You get word that a client is looking for some help, whether through word of mouth or internet inquiry or something different, but typically you would have a brief encounter, and then you could go from three weeks to three months before you hear from them again about moving forward. After hearing back, you do all the research about the client and start pulling documents from them, and then you would do an interview and talk to the people who are making the decision. Usually it’s the president, or athletic director, about 85% of the time it may be the athletic director that is looking for the consultation. Then, we go in and use a certain tactic.
We have a number of tactics we use, depending on the type of problem or consultation needed. We go in and interview people; we visit with faculty, staff, administrators and others. Depending on what they’re looking for, whether they want a recommendation, a how-to, we develop a “white-paper” as we call it. We develop that with the school in draft form, and make sure it is answering all the questions they wanted answered in the initial engagement.
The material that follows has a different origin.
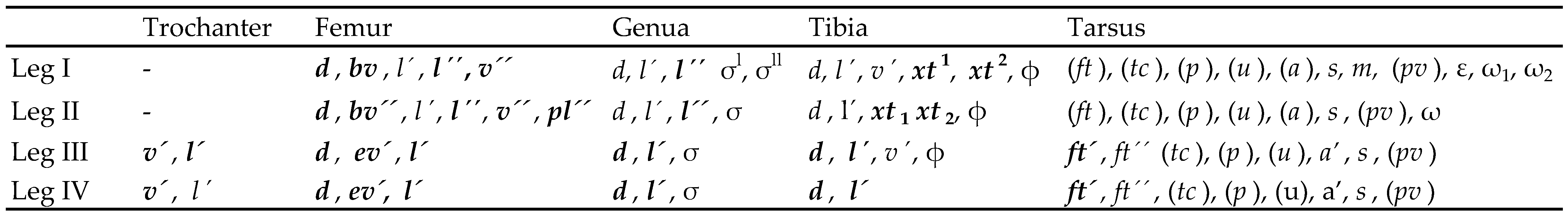 Epimeral region — Apodeme 1 complete, with two sternal extensions medially; apodeme II incomplete medially; apodeme III complete with short central extension directed posteriorly; apodeme IV complete, uniform. Epimeral formula: 3-1-3-4, all setae strongly dilated with spiculate surface; setae of median row (1a to 4a) shorter and smaller than those of the lateral rows.

From there, we put everything together and make a final report.
What advice would you give someone who wants to get into consulting?
One thing you should do is learn how to write. You have to be able to write like an academic person and have very good writing skills so that you are able to write clearly. The end user needs to be able to understand what you are saying, and that you are getting your point across in the method that you are writing or doing the project. You may come to a project when you are writing about some sticky issues and you need to craft the message clearly and understandably.
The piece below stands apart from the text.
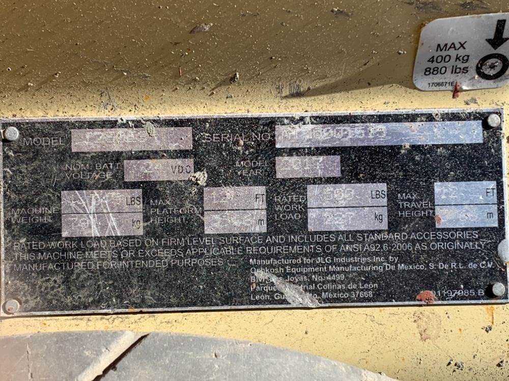 2017 JLG 1230ES PERSONNEL LIFT, electric, 12' lift, 557 hours indicated. s/n:M130001515

The other thing is you need to stay on top of everything that’s going on in athletics. Intercollegiate athletics is changing everyday and you need to be well read, whether that’s reading articles in the newspaper, getting on listservs, or reading material and stories from others. You have to know what’s going on and stay ahead of the curve and research and learn about those areas to be a significant partner with the school you are working with.
What advice do you have for someone looking to work in the sporting industry?
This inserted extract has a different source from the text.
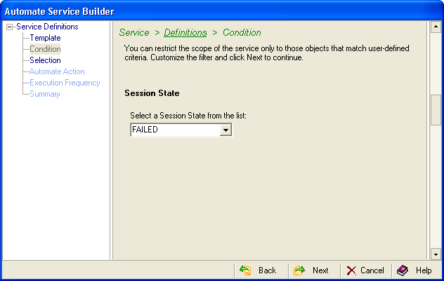 - Click the Configuration menu and then New in the Automate table. The Automate Service Wizard opens. From the Automate table main menu, select Configuration, and New. Expand Backup Products, then Tivoli Storage Manager, and select Session State.

I think it’s important to know what organization you want to work for, and getting in early. If you want to work in college athletics, head over to your athletic department and look for the opportunities as early as possible. I mean early as in your freshman year if possible. You also have to go in knowing that you may potentially work for free, and are unafraid to do so.
I know that some people may not have the finances to do so, but take advantage of anything that will get your foot in the door. It will set you up for opportunities that you do not even know is out there. If you go into an athletic department and say “hey I can only give you two hours a week,” that can be two hours that you start creating relationships with people. If you are in a business and setting that people see that you are truly interested in learning about, those two hours can change your life. It’s really about getting into the organization as soon as possible and talking to every person that you can talk to.
I do not mean hounding people nonstop, but creating relationships that are meaningful, and finding people you can talk to, who will eventually recognize your name when they hear it. It may come a time when you may need that person to say “Oh yea I remember him/her, they did work with us as an undergrad.” This may come in handy when you are applying for a graduate assistantship as well. But you want something that people will remember you by in a good way.
Any last words you want to leave with readers?
Always look for opportunities. You never know how those opportunities will change things ten years down the road, and remain patient. Things may look greener on the other side, but patience is a virtue and sometimes you may need to hold on to something you may not like to get to something you do like and it will help you in the long term.